Tiga


Malam ini, seperti malam-malam sebelumnya, aku kembali menyusuri jalanan kota yang perlahan beringsut dari hiruk ke hening. Tapi ada sesuatu yang lain malam ini, sesuatu yang tak menggelegar namun menggugah, tak megah namun meresap. Di tengah gelap yang mengendap, tiga kendaraan berhias lampu neon berdiri diam, menyala dalam warna-warna yang tidak hanya menerangi jalan, tapi juga menghadirkan sesuatu yang lebih dalam: kegembiraan yang tidak riuh, melainkan bening dan jernih.

Aku berdiri di sana, diam, seperti seorang peziarah yang tiba-tiba disapa oleh cahaya dari luar dunia. Kendaraan ini bukan sekadar moda transportasi, mereka seperti hewan mitologis kota, makhluk urban yang lembut, mengundang kita untuk berhenti sejenak dari logika efisiensi, dari dorongan produktivitas, dan mengingatkan bahwa ada kehidupan di luar performa.

Keindahan muncul dari kejernihan dan ketenangan, bukan dari paksaan atau tekanan. Dan di sinilah aku berdiri, dikelilingi oleh keindahan yang muncul justru karena tidak ada tujuan utilitarian yang melekat padanya. Tidak ada yang terburu-buru.
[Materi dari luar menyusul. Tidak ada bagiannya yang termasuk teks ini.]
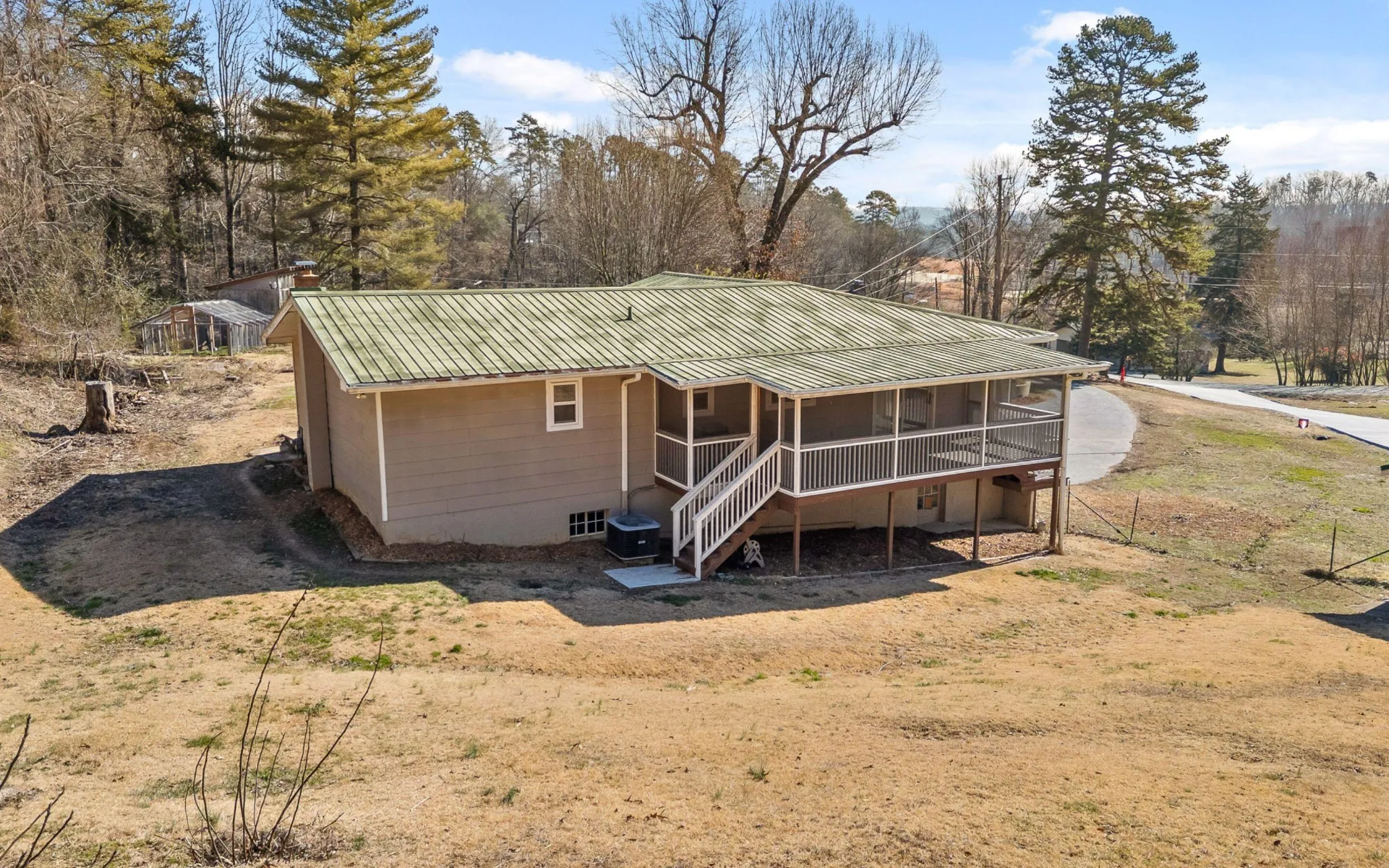 RARE FIND! Embrace the homesteading lifestyle within 1 turn of Hixson dining and shopping! This property is a unique blend of convenience and outdoor living. Charming 4 BED, 2 BATH brick home on 1.7+/- ACRES. No neighborhood restrictions for this 1 LEVEL home with bonus basement. Enjoy room to explore homestead hobbies, such as raising chickens, gardening, or nurturing the apple and fig trees! Bake a pie using the fruit from the raspberry, blackberry, and elderberry bushes planted along the fence line. Step inside to hardwood floors, a bright living room, and open-concept dining area. Oversized kitchen offers white cabinetry, storage, stainless appliances, deck access, and additional dining area. The primary suite includes a beautifully RENOVATED bath with a tiled shower, warm accents, and stunning vanity. 2 additional bedrooms and 1 full bath complete the main level. The partially-finished basement offers a customizable bonus area, bedroom/hobby room, and ample STORAGE. Relax on the large SCREENED DECK and welcoming front porch. Savor the spacious yard with a wooded backdrop. Practical features like a 1 car GARAGE, CARPORT, and SHED. Conveniently located just 3 minutes from Hwy 153, 5 minutes to major shopping and dining, and only 18 minutes to downtown Chattanooga…this home is ready for you to make it your own!

Tidak ada hiruk. Yang ada hanya nyala lampu-lampu kecil yang bicara tentang kebahagiaan sebagai bentuk kediaman, bukan ledakan.

Aku membayangkan anak-anak yang naik ke atas kendaraan itu, tertawa, dan orangtua yang diam-diam mengingat masa kecil mereka. Di tengah dunia yang dibanjiri oleh kebisingan informasi dan tekanan untuk menjadi “lebih”, kendaraan-kendaraan ini seperti ruang kontemplatif yang berjalan. Mereka bukan hanya mengangkut tubuh, tetapi juga jiwa, menarik kita pelan-pelan ke arah yang lebih jernih.

Malam ini, aku tidak mencari tujuan. Aku hanya berdiri di sisi jalan, dan untuk pertama kalinya dalam waktu yang lama, aku merasa tidak perlu menjadi siapa-siapa. Aku cukup menjadi saksi bagi cahaya kecil yang bersinar lembut di tengah gelap. Dan itu cukup. Lebih dari cukup.